# CS435 Term Project

## Analyze Crime Rates to Help Mitigate Crimes in Chicago

Team Members: Jimit Bhalavat, Logan Cuccia, Kyle Cummings, Mike Peyton

### Description

Chicago was once a pillar of prosperity and trade where companies housed their headquarters, where business partners formed coalitions, and where impactful business decisions were made. Today, it is still a major capital for trade, and some areas are very prosperous. Other sectors are rampant with crime, murder, theft, break-ins, and kidnappings. The crimes within some Chicago districts are so high that officers often don’t know whether they will return home that day to their families. Although there are countless factors contributing to the growing crime rate and law enforcement procedures, crimes are overwhelmingly complex and have to do with politics, state, and local government actions. The question arises how has crime changed over the years? Is it possible to predict where or when a crime will be committed? Which areas of the city have evolved over this time span?
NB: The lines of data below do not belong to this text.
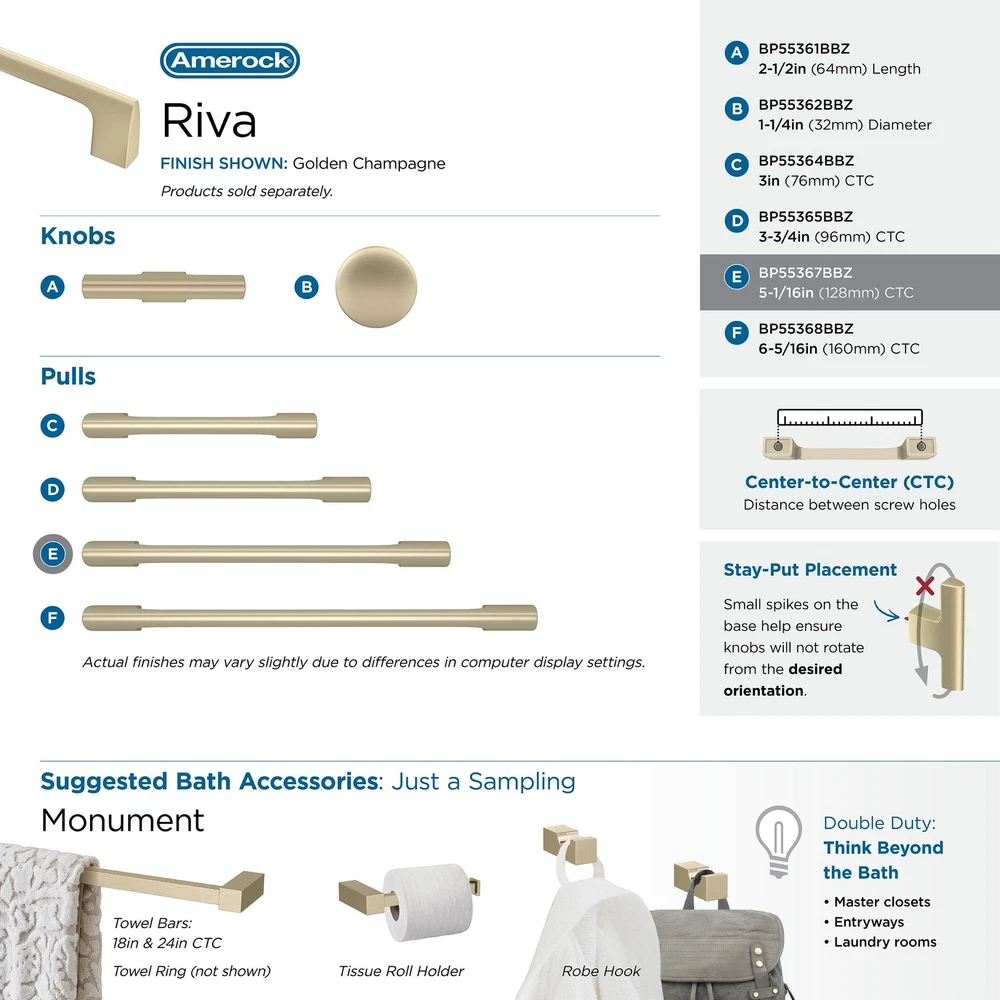 The Allison by BP55367BBZ Riva 5-1/16 in (128 mm) Center-to-Center Pull is finished in Golden Champagne. A focus on the beauty of the straight line and showcasing thoughtfully executed proportions, Riva's minimalistic appearance creates a stand-out design. Its desirable, streamlined look enhances any space. Warm and inviting without being brassy and featuring hints of silver in reflective light, our Golden Champagne finish elevates designs with enviable versatility. Use for a soft and elegant touch on lighter finishes or as a contrasting pop against darker finishes. Founded in 1928, ’s award-winning home solutions including decorative and functional cabinet hardware, bath accessories, decorative hooks and wall plates have built the company’s reputation for chic design accessories that inspire homeowners to express their personal style. Ideal for residential or commercial applications, Allison by marries beauty and function. It’s the best combination of approachable artistry and lasting quality. 5-1/16 in (128 mm) Center-to-Center Pull Finished in Golden Champagne exclusive design Includes mounting hardware: #8-32 x 1 in. Truss Head Machine Screw & #8-32 x 1-1/2 in. Truss Head Machine Screw DISCLAIMER - We do our best to show colors accurately, but they might look different on your screen due to individual monitor settings. Golden Champagne is a COOL, neutral gold with slight blue undertones
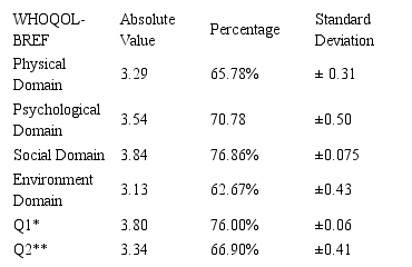 The QOL measured by the WHOQOL-BREF obtained higher scores in the Social relationships Domain (76.86%) and lower scores in the Environment Domain (62, 67%), according to Table 3.
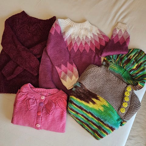 Pent brukte hjemmestrikka klær, 1 ullgensere og 2 ullbuksere (med stramming i livet). (Den ene buksen e ikke hjemmestrikka). str 2-4 år
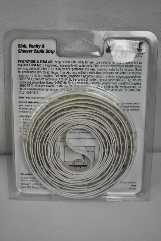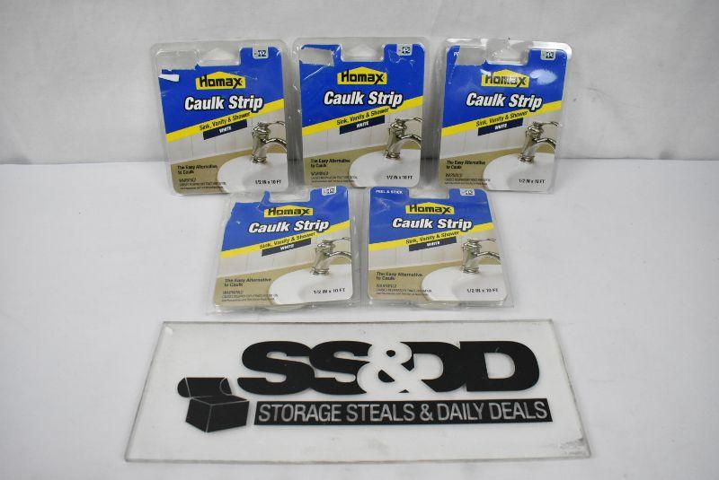 Homax Caulk Strip, Sink, Vanity & Shower, White, .50"x10', Qty 5 packages - New

The goal of this project is to tackle how we can use data from these crimes to potentially stop them from becoming so frequent. It will also provide data summarizations such as the location and frequency of the crimes, and the nature of the crimes which can ultimately help mitigate crimes and help law enforcement agencies pinpoint where these crimes are more likely to occur, and which districts should have a higher abundance of police officers. This information can not only save the lives of citizens but also police officers who risk their lives every day to better their communities. It also ensures that these criminals have a higher likelihood of being caught since so many crimes in these districts go unsolved. The dataset contains attributes such as date, coordinates of the incident, district, the nature of the crime, etc. We will attempt to use these attributes to generate summarizations that will assist in the fight against crime as well as assist in the city’s economic future. 

### Goal of the Project

In order to solve this problem and help aid law enforcement agencies in Chicago, we will aim to analyze this dataset and run a variety of different processing techniques and models in order to interpret results and answer the questions mentioned above. This dataset is large and contains various attributes, so it is complex to analyze through normal methods. In order to process this data effectively and efficiently, we will use MapReduce to process the data and provide numerical summarizations such as the accuracy rates of prediction through Neural Networks, Random Forests, and K Means clustering. Other numerical summarizations will include the proportions of arrests made by the crimes committed, whether the trends in crimes have increased over the years, and if yes, what crimes are more likely to be committed. 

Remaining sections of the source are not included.